::: Extracted material
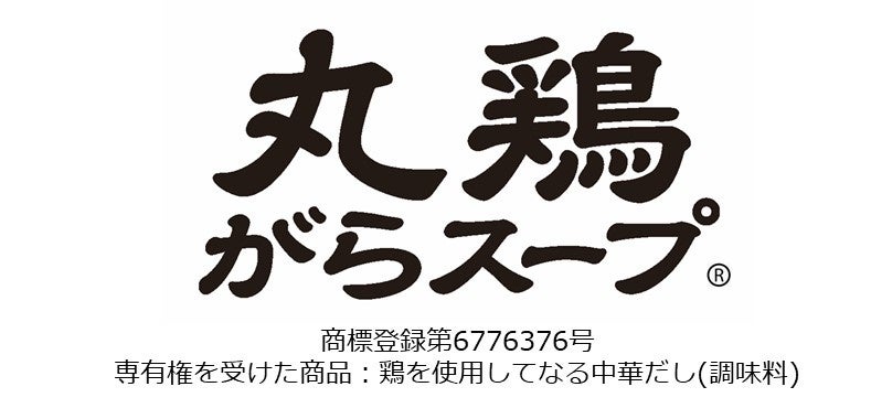 そこで当社は、「丸鶏がらスープ™」のロゴ(以下「本商標」)について2021年に商標登録出願を行いましたが、この度特許庁による審判を経て、発売30周年を迎える2024年2月6日付で以下の内容により認定され、登録商標となりました。
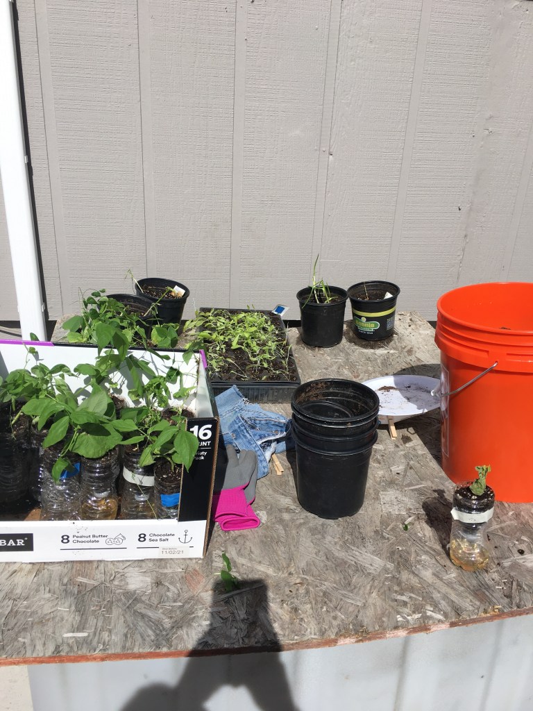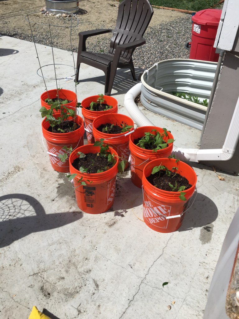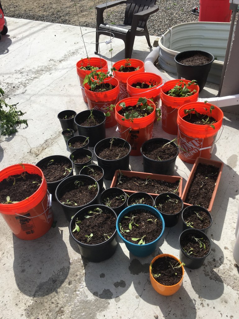 But this post is about the transplanting from the starter seeding to the main pots. We were going to build big garden boxes this year but the snow would never go away, and the building materials have become unreasonably priced…so we opted for Home Depot buckets. Also for all my romaine lettuce, that I started from tiny seeds, I will be using various pot sizes that we already have. Because I originally planted seventy-two lettuce plants.
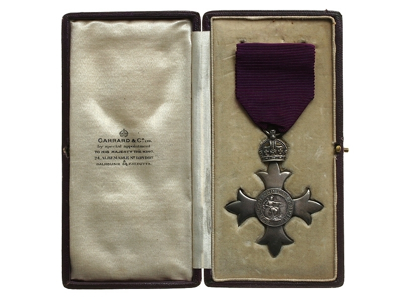 Орден Британской империи 4 класса, первого типа в оригинальном футляре, Первая Мировая война. На лицевой стороне надпись "За Бога и Империю", выпущен фирмой "Garrard & Co". Серебро, на шелковой ленте. Очень хорошее состояние.
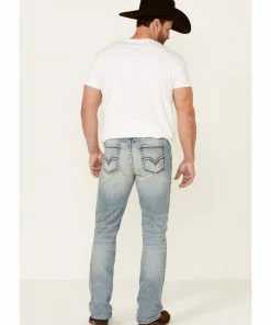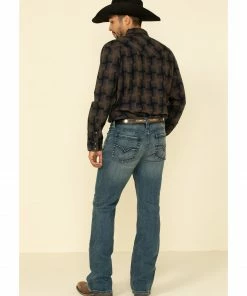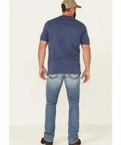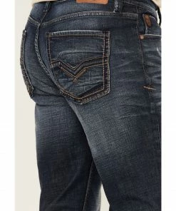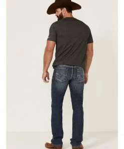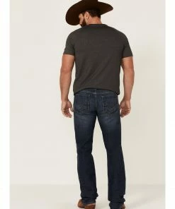 Moonshine Spirit Men’s Corral Dust Medium Dark Wash Stretch Slim Straight Jeans Dark Medium Wash
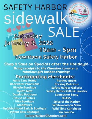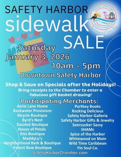 Saturday, January 3rd - Join us for a fabulous sidewalk sale in downtown Safety Harbor! Shop local, support our amazing businesses and expect to see lots of steals and deals. Bring your friends and plan to shop 'til you drop. Make it a great dining experience too!
::::::
# [Your objective]
What must be output is the exact run of lines from the one holding "Moonshine Spirit Men’s" through the end of the entries above, both ends included, minus the pictures.

# [Written response]
 Moonshine Spirit Men’s Corral Dust Medium Dark Wash Stretch Slim Straight Jeans Dark Medium Wash
 Saturday, January 3rd - Join us for a fabulous sidewalk sale in downtown Safety Harbor! Shop local, support our amazing businesses and expect to see lots of steals and deals. Bring your friends and plan to shop 'til you drop. Make it a great dining experience too!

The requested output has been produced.